Acetylation and deacetylation of histones alter higher order chromatin structure by influencing histone interaction with DNA (11 , 12) . Transcription factors may also be acetylated (13) , and the acetylated status of these proteins may influence their interaction with DNA, as well as their ability to interact with other transcriptional coregulatory proteins. For example, acetylation of p53 enhances its sequence-specific DNA binding activity (14 , 15) . Deacetylated histones are associated with cell growth, whereas hyperacetylated histones (16 , 17) are associated with cell growth arrest, differentiation, and/or apoptosis. Finally, tubulin can be acetylated, and this may affect the dynamic equilibrium between soluble and polymerized tubulin and the structure of microtubules (18) .
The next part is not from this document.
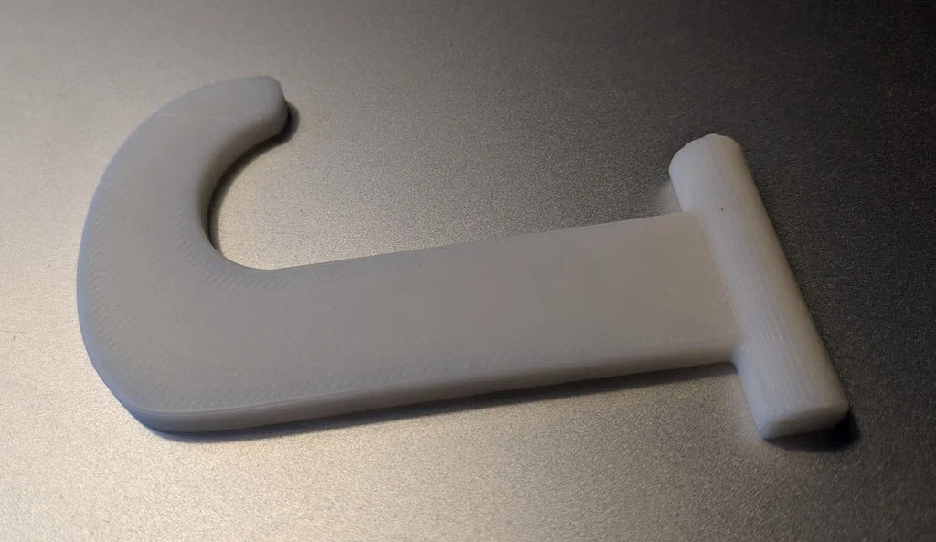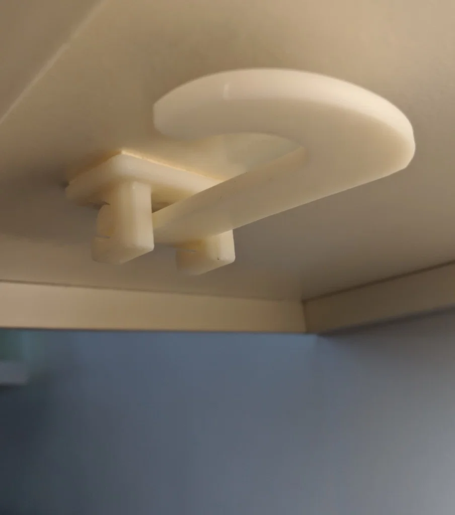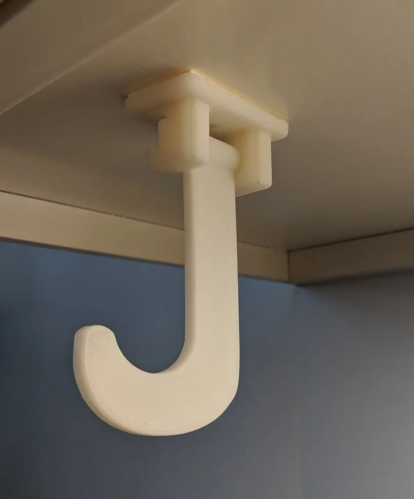 Móc treo chuối gập gắn dưới tủ bếp giúp để chuối gọn và tươi lâu, không chiếm chỗ. Phiên bản làm dày phần đế để bền hơn; in cần supports cho phần đế. Khuyến nghị infill: tay 20%, đế 50%.

HDAC inhibitors differ with regards to their antitumor activity, toxicity, and stability (17 , 19) . High concentrations of NaBu are required to induce tumor cell apoptosis or differentiation (20) . Additionally, NaBu has a short half-life that limits its effectiveness as a therapeutic agent. Hybrid polar compounds such as M-carboxycinnamic acid bishydroxamide have been shown to induce apoptosis in NB cells in vitro, although the mechanism has not been fully elucidated (21) . Saito et al. (22) recently evaluated the efficacy of MS-275, a synthetic benzene derivative that inhibits HDAC. In a number of adult tumor cell lines, MS-275 inhibited tumor cell growth with an IC₅₀ in the submicromolar range. The inhibition of cell growth was accompanied by a cell cycle arrest and an induction of the cell cycle inhibitor p21. MS-275 administered p.o. inhibited the growth of established adult tumor lines s.c. implanted in nude mice with minimal toxicities.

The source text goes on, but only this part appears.